_Exercise_.
Going through the data, count each line that has the word "were". Reply with the total and nothing more.

_Recorded information_.
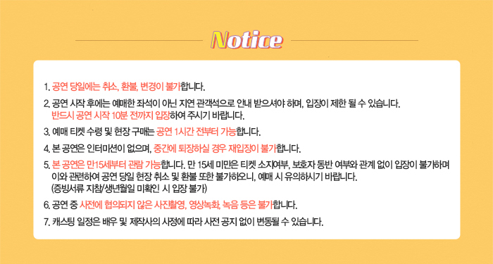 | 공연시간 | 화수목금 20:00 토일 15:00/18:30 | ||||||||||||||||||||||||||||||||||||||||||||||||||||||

--

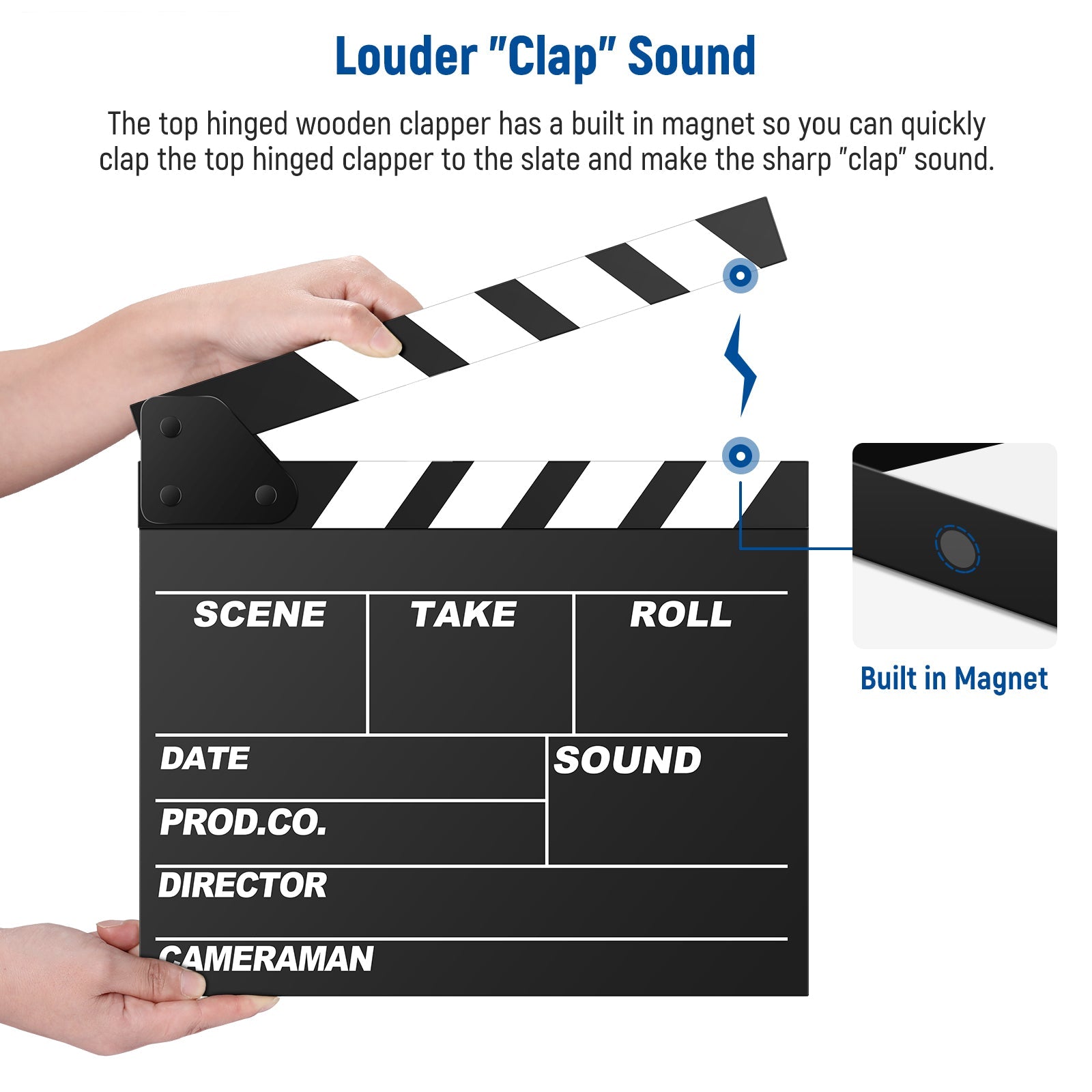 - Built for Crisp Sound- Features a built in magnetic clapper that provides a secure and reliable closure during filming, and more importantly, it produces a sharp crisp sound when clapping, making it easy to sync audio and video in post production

...

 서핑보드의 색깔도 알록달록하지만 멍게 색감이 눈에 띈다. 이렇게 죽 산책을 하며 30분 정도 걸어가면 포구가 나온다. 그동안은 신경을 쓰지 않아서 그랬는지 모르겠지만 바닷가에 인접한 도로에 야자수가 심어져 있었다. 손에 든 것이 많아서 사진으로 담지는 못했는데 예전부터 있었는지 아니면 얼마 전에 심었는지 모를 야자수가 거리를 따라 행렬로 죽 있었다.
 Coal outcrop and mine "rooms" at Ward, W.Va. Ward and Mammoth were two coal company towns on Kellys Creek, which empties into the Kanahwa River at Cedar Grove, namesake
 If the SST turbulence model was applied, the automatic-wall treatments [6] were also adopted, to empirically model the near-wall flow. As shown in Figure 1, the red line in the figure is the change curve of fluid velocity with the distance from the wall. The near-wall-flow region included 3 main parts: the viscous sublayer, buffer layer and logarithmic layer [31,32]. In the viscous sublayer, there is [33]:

_Result for this exercise_.
2